Call it an act of benevolence, or of cultural conscientiousness. Whether you know how many holes it takes to fill the Albert Hall, or you don’t, this is an exhibit you are going to want to see. Several leading Beatles memorabilia collectors have decided to create a travelling show, comprised of never-publically-seen materials. Fab.
There are more than 200 pieces in all, and it is coming to the PNE (August 22 to September 7) this year. It is called “The Magical History Tour, a Beatles Memorabilia Exhibition”, and it promises to please even the most thorough-going, hard-core Beatlemaniacs. It is even richer, since The Beatles did actually play the Fair, when it was 1964.
There appears to be no end to the band’s popularity, or the interest all appurtenances to their, after all, fairly brief career as performers and recording artists, continues to generate. Beatlemania is considered to have truly begun in earnest while the boys were descending the BOAC stairs onto the tarmac in New York, on their way to the first of their two appearances in concert at Shea Stadium. The Ed Sullivan performances turned a brushfire into an inferno that has never really diminished.

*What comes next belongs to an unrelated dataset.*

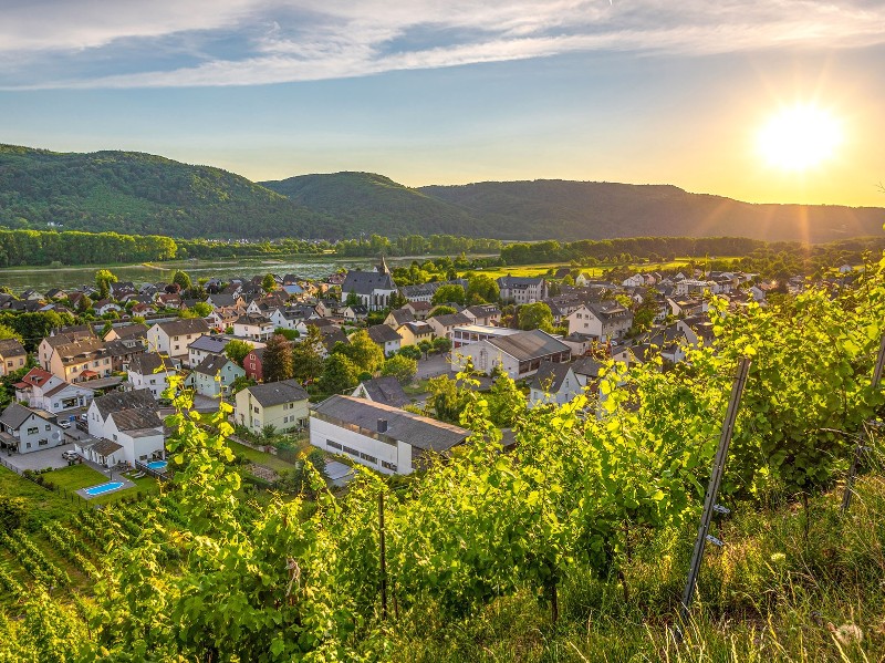Von Leutesdorf aus macht der Rheinsteig einen reizvollen Abstecher in den herrlichen Westerwald – und der hat’s in sich! Gleich zu Beginn erwartet dich die "Schönste Weinsicht Mittelrhein 2012" – ob die Aussicht den Titel wert ist, kannst du selbst bewerten. Der Blick schweift über die lieblichen Weinbergterrassen hinab zum silbern glänzenden Rhein. Ein echtes Postkartenmotiv!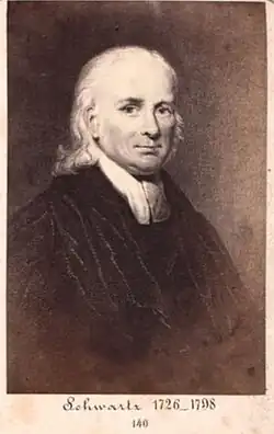 Christian Frederick Schwarz (with spellings including Friedrich and Schwartz or Swartz) (8 October 1726 – 13 February 1798) was a German Lutheran missionary to India. He was known for his linguistic skills, with knowledge of Latin, Greek, Hebrew, Sanskrit, Tamil, Urdu, Persian, Marathi, and Telugu and worked with the British to serve as an emissary of peace and sent to the court of Haider Ali in Mysore.[1] He worked alongside the Indian royal families, tutoring the Raja Serfoji of Tanjore, and was influential in establishing Protestant Christianity in southern India.[2]

Among the items on display: John Lennon’s psychedelic Rolls Royce; The Quarrymen drum set; the “breakup letter”, the legal document that dissolved the Beatles entity; the Double Fantasy album, signed by John Lennon for Mark David Chapman, just hours before Chapman killed him; a signed Please Please Me album from 1963; and the clavichord and reel-to-reel recorder that were used on the Revolver album in 1966. This is your chance to stock up on Beatles trivia, to be held in reserve for your next on-demand party trick.